My approach is a new Toolset (copied from Core Tools because I didn’t find any documentation on this topic). The data will be introduced with a view (called by a cronjob) that calls the refresh_oes-Method.

So I hope someone with more experience with the usage of BTrees / Toolsets (see below) could have a look at it and give feedback.

# -*- coding: utf-8 -*-
from fhnw.core.interfaces import IOEDataStoreTool
from AccessControl.class_init import InitializeClass
from AccessControl.SecurityInfo import ClassSecurityInfo
from App.Common import package_home
from App.special_dtml import DTMLFile
from datetime import datetime
from BTrees.check import check
from BTrees.OOBTree import OOBTree
from os import path as os_path
from plone import api
from Products.CMFCore.permissions import ManagePortal
from Products.CMFCore.utils import UniqueObject
from Products.CMFCore.utils import registerToolInterface
from OFS.PropertyManager import PropertyManager
from OFS.SimpleItem import SimpleItem
from typing import Any
from typing import Dict
from typing import List
from typing import Tuple
from zope.interface import implementer

import logging


logger = logging.getLogger("fhnw.core")
_dtmldir = os_path.join(package_home(globals()), "dtml")

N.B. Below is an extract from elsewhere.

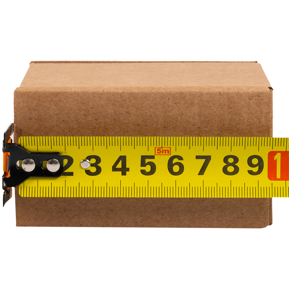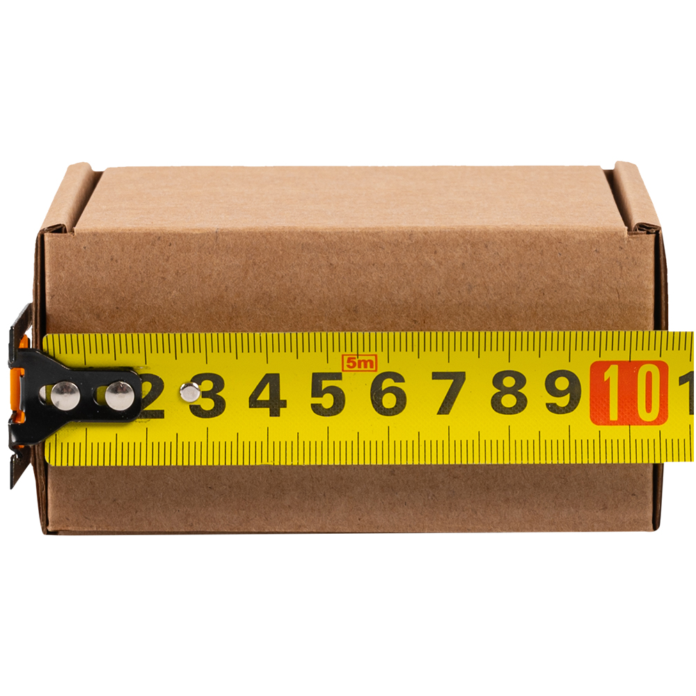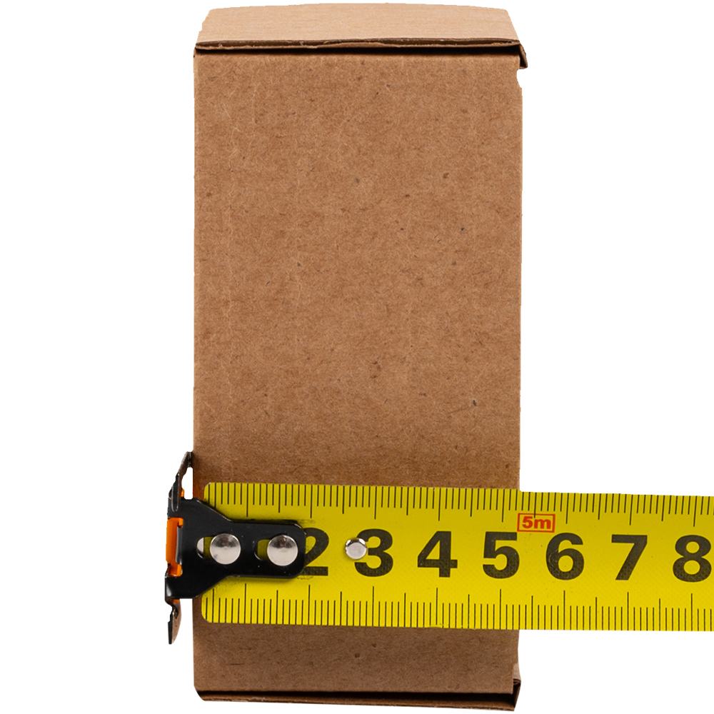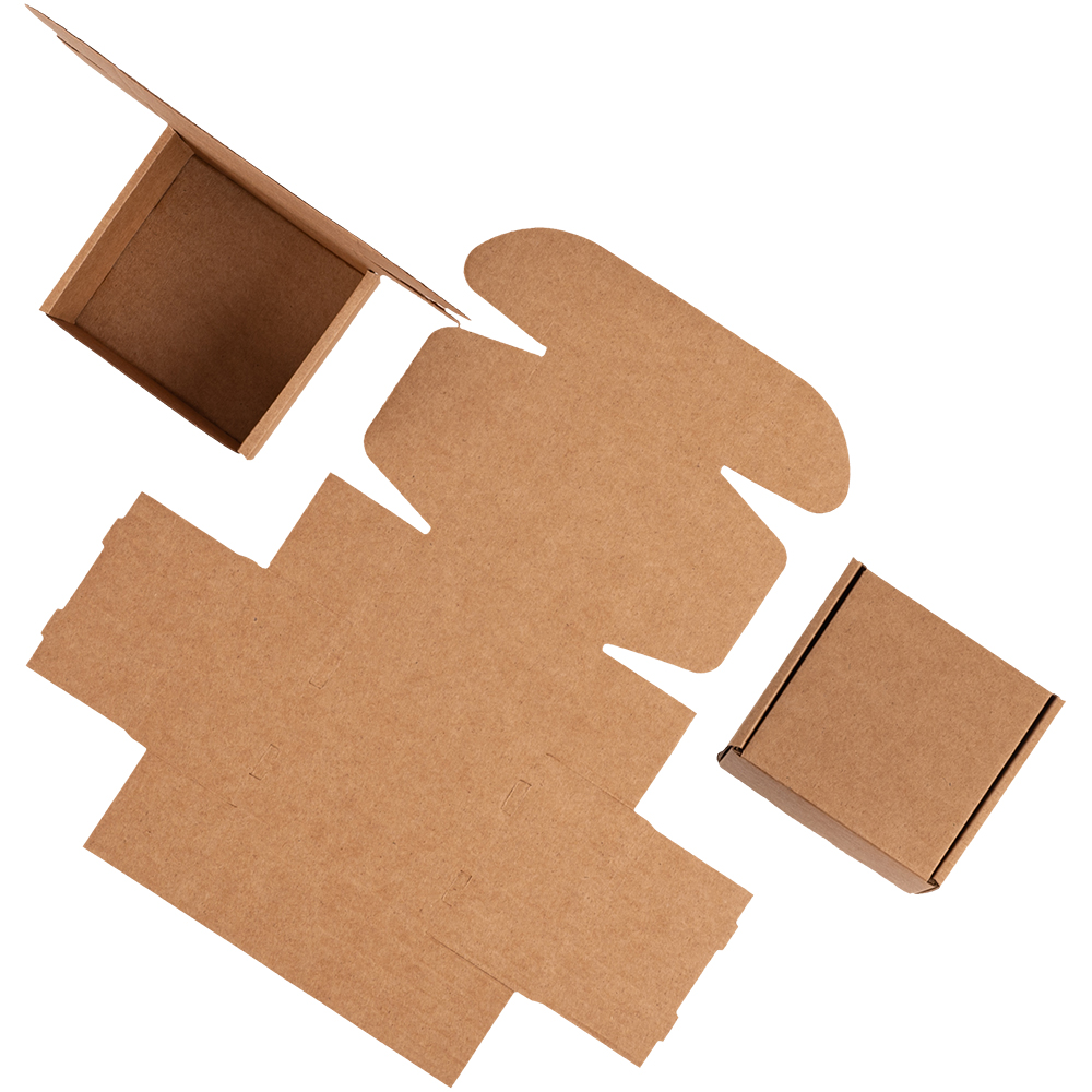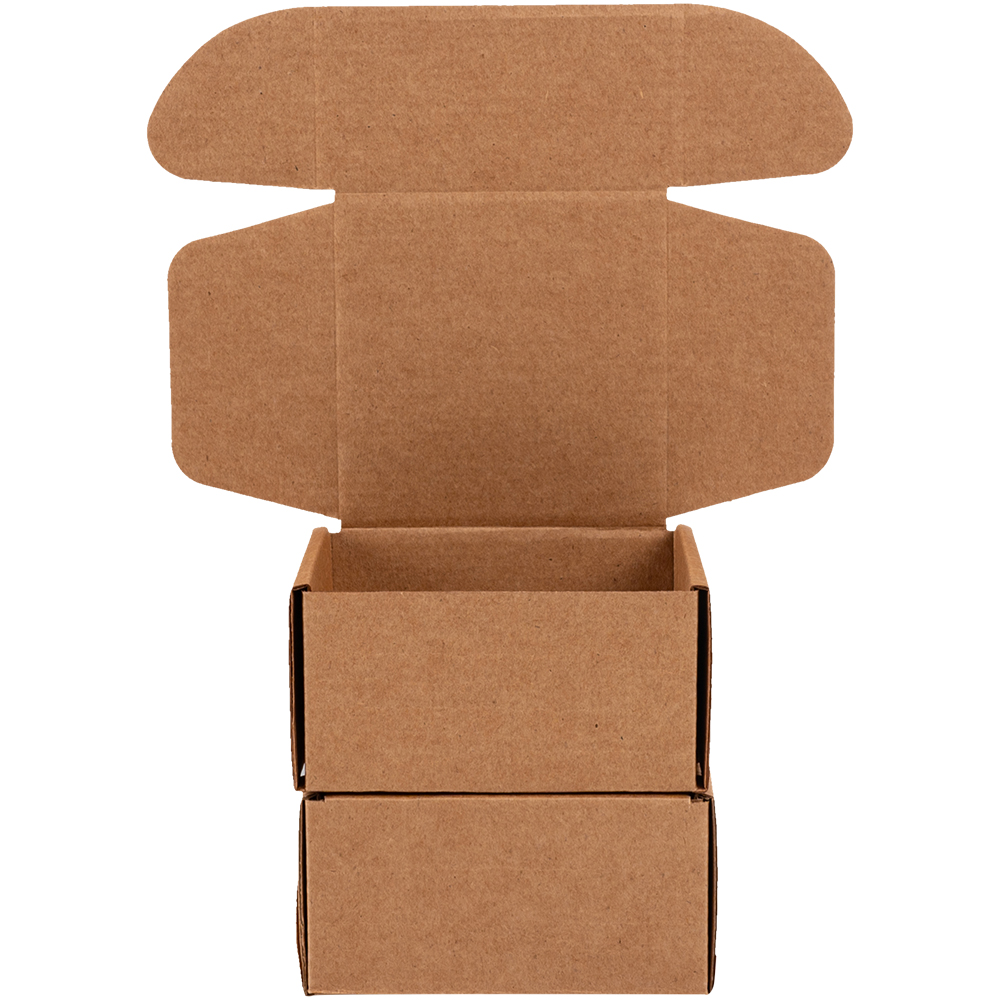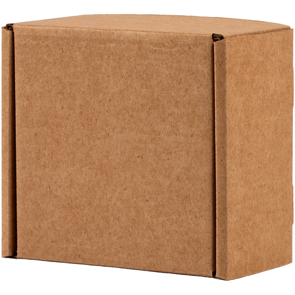 Самосборный короб №134 бурого цвета, длиной 90 мм, шириной 90 мм и высотой 50 мм. Изготовлен из гофрокартона Т-23 Е. Полезный объём — 0.41 л.

@implementer(IOEDataStoreTool)
class OEDataStoreTool(UniqueObject, SimpleItem, PropertyManager):
    id: str = "fhnw_datastore_oe"
    meta_type = "FHNWCore DataStoreOE Tool"
    zmi_icon: str = "fas fa-database"
    security: ClassSecurityInfo = ClassSecurityInfo()

    _properties: Tuple[Dict] = (
        {"id": "last_update", "type": "string", "mode": ""},
        {"id": "running", "type": "boolean", "mode": "w"},
    )
    last_update: str = None
    running: bool = False

    manage_options: Tuple[Dict] = (
        ({"label": "Overview", "action": "manage_overview"},)
        + PropertyManager.manage_options
        + SimpleItem.manage_options
    )

    security.declareProtected(ManagePortal, "manage_overview")
    manage_overview = DTMLFile("explainOEDataStoreTool", _dtmldir)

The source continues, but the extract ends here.